CCDSReFormer: Traffic Flow Prediction with a Criss-Crossed Dual-Stream Enhanced Rectified Transformer Model
- URL: http://arxiv.org/abs/2403.17753v1
- Date: Tue, 26 Mar 2024 14:43:57 GMT
- Title: CCDSReFormer: Traffic Flow Prediction with a Criss-Crossed Dual-Stream Enhanced Rectified Transformer Model
- Authors: Zhiqi Shao, Michael G. H. Bell, Ze Wang, D. Glenn Geers, Xusheng Yao, Junbin Gao,
- Abstract summary: We introduce Criss-Crossed Dual-Stream Enhanced Rectified Transformer model (CCDSReFormer)
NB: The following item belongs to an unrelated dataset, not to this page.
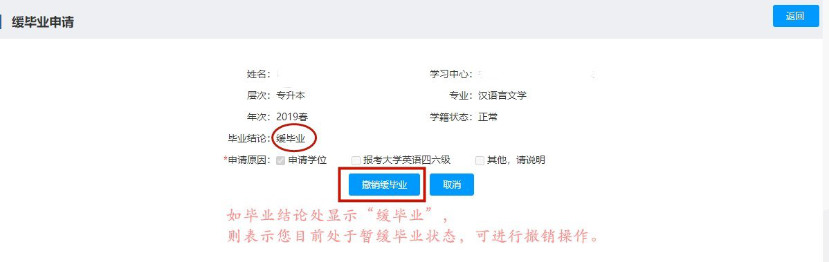 注:在功能开放时间段内,学生可以多次申请或撤销缓毕业,但请务必在操作后再次查看自己的毕业结论显示状态,以确认自己是否处于“缓毕业”,避免发生误操作。

It includes three innovative modules: Enhanced Rectified Spatial Self-attention (ReSSA), Enhanced Rectified Delay Aware Self-attention (ReDASA) and Enhanced Rectified Temporal Self-attention (ReTSA)
These modules aim to lower computational needs via sparse attention, focus on local information for better traffic dynamics understanding, and merge spatial and temporal insights through a unique learning method.
- Score: 32.45713037210818
- License: http://arxiv.org/licenses/nonexclusive-distrib/1.0/
- Abstract: Accurate, and effective traffic forecasting is vital for smart traffic systems, crucial in urban traffic planning and management. Current Spatio-Temporal Transformer models, despite their prediction capabilities, struggle with balancing computational efficiency and accuracy, favoring global over local information, and handling spatial and temporal data separately, limiting insight into complex interactions. We introduce the Criss-Crossed Dual-Stream Enhanced Rectified Transformer model (CCDSReFormer), which includes three innovative modules: Enhanced Rectified Spatial Self-attention (ReSSA), Enhanced Rectified Delay Aware Self-attention (ReDASA), and Enhanced Rectified Temporal Self-attention (ReTSA). These modules aim to lower computational needs via sparse attention, focus on local information for better traffic dynamics understanding, and merge spatial and temporal insights through a unique learning method. Extensive tests on six real-world datasets highlight CCDSReFormer's superior performance. An ablation study also confirms the significant impact of each component on the model's predictive accuracy, showcasing our model's ability to forecast traffic flow effectively.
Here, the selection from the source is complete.